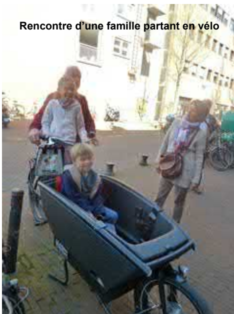
Rencontre d'une famille partant en vélo

Et là malheureusement le temps a manqué surtout que la foule des visiteurs était déjà là. Afin d'éviter la cohue à l'entrée principale, nous sommes passés par une entrée peu connue, mais qui nous a permis de voir rapidement les collections du Siècle d'Or avec entre autres les faïences bleues de Delft. Et nous sommes arrivés dans la galerie d'honneur du musée avec les tableaux des grands maîtres tels que Franz Halz, Jan Steen, Vermeer (La laitière et la lettre), Jan Asselijn (Le cygne menacé défendant la Hollande). Et évidemment la « Ronde de Nuit », le tableau le plus connu et le plus célèbre de Rembrandt van Rijn. Une œuvre imposante et spectaculaire que le musée présente en majesté.
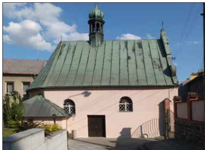
Hřbitovní kaple Sv. Rodiny na Nadační ulici.

Popis trasy začneme v Odřích na Nadační ulici u městské nemocnice. Pokud nespěcháte, doporučuji vám projít si vedle kola oderský hřbitov. Na hřbitově můžete obdivovat památkově chráněnou hřbitovní kapli sv. Rodiny u hlavního vstupu, centrální lipovou alej, dvě opravené památkově chráněné hrobky - rodiny Gerlichovy a Behnheierovy. Za prohlídku stojí i Urnový háj, nedávno zřízený památník obětem I. světové války a některé starší náhrobky bývalých obyvatel Oder. Ze hřbitova se na cyklotrasu dostanete zadní brankou u márnice.
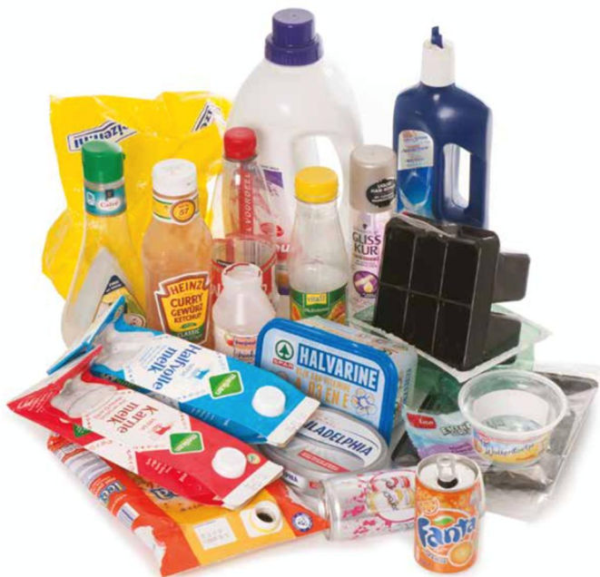
Illustratie uit afvalwijzer van Rova

Tip: Let op hoe kleuren worden toegepast. Een rode kleur om te duiden iets positief te duiden werkt contraproductief. Gebruik voor de Wel-lijst daarom de kleur groen en voor de Niet-lijst de kleur rood
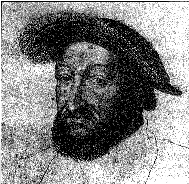
38. Frans I.- De koning van de pracht en de praal. Riep Leonardo da Vinci en Benvenuto Cellini aan zijn hof.

Frans I en Karel V sluiten een bestand om de veiligheid van onze vissers te verzekeren. Ook Frans I laat in zijn paleis Brugs tapijtwerk ophangen.
----
| REQUIREMENT |
Omitting all pictures, copy the preceding entries without any alteration.

| SOLUTION FOR THIS EXERCISE |
Rencontre d'une famille partant en vélo

Et là malheureusement le temps a manqué surtout que la foule des visiteurs était déjà là. Afin d'éviter la cohue à l'entrée principale, nous sommes passés par une entrée peu connue, mais qui nous a permis de voir rapidement les collections du Siècle d'Or avec entre autres les faïences bleues de Delft. Et nous sommes arrivés dans la galerie d'honneur du musée avec les tableaux des grands maîtres tels que Franz Halz, Jan Steen, Vermeer (La laitière et la lettre), Jan Asselijn (Le cygne menacé défendant la Hollande). Et évidemment la « Ronde de Nuit », le tableau le plus connu et le plus célèbre de Rembrandt van Rijn. Une œuvre imposante et spectaculaire que le musée présente en majesté.
Hřbitovní kaple Sv. Rodiny na Nadační ulici.

Popis trasy začneme v Odřích na Nadační ulici u městské nemocnice. Pokud nespěcháte, doporučuji vám projít si vedle kola oderský hřbitov. Na hřbitově můžete obdivovat památkově chráněnou hřbitovní kapli sv. Rodiny u hlavního vstupu, centrální lipovou alej, dvě opravené památkově chráněné hrobky - rodiny Gerlichovy a Behnheierovy. Za prohlídku stojí i Urnový háj, nedávno zřízený památník obětem I. světové války a některé starší náhrobky bývalých obyvatel Oder. Ze hřbitova se na cyklotrasu dostanete zadní brankou u márnice.
Illustratie uit afvalwijzer van Rova

Tip: Let op hoe kleuren worden toegepast. Een rode kleur om te duiden iets positief te duiden werkt contraproductief. Gebruik voor de Wel-lijst daarom de kleur groen en voor de Niet-lijst de kleur rood
38. Frans I.- De koning van de pracht en de praal. Riep Leonardo da Vinci en Benvenuto Cellini aan zijn hof.

Frans I en Karel V sluiten een bestand om de veiligheid van onze vissers te verzekeren. Ook Frans I laat in zijn paleis Brugs tapijtwerk ophangen.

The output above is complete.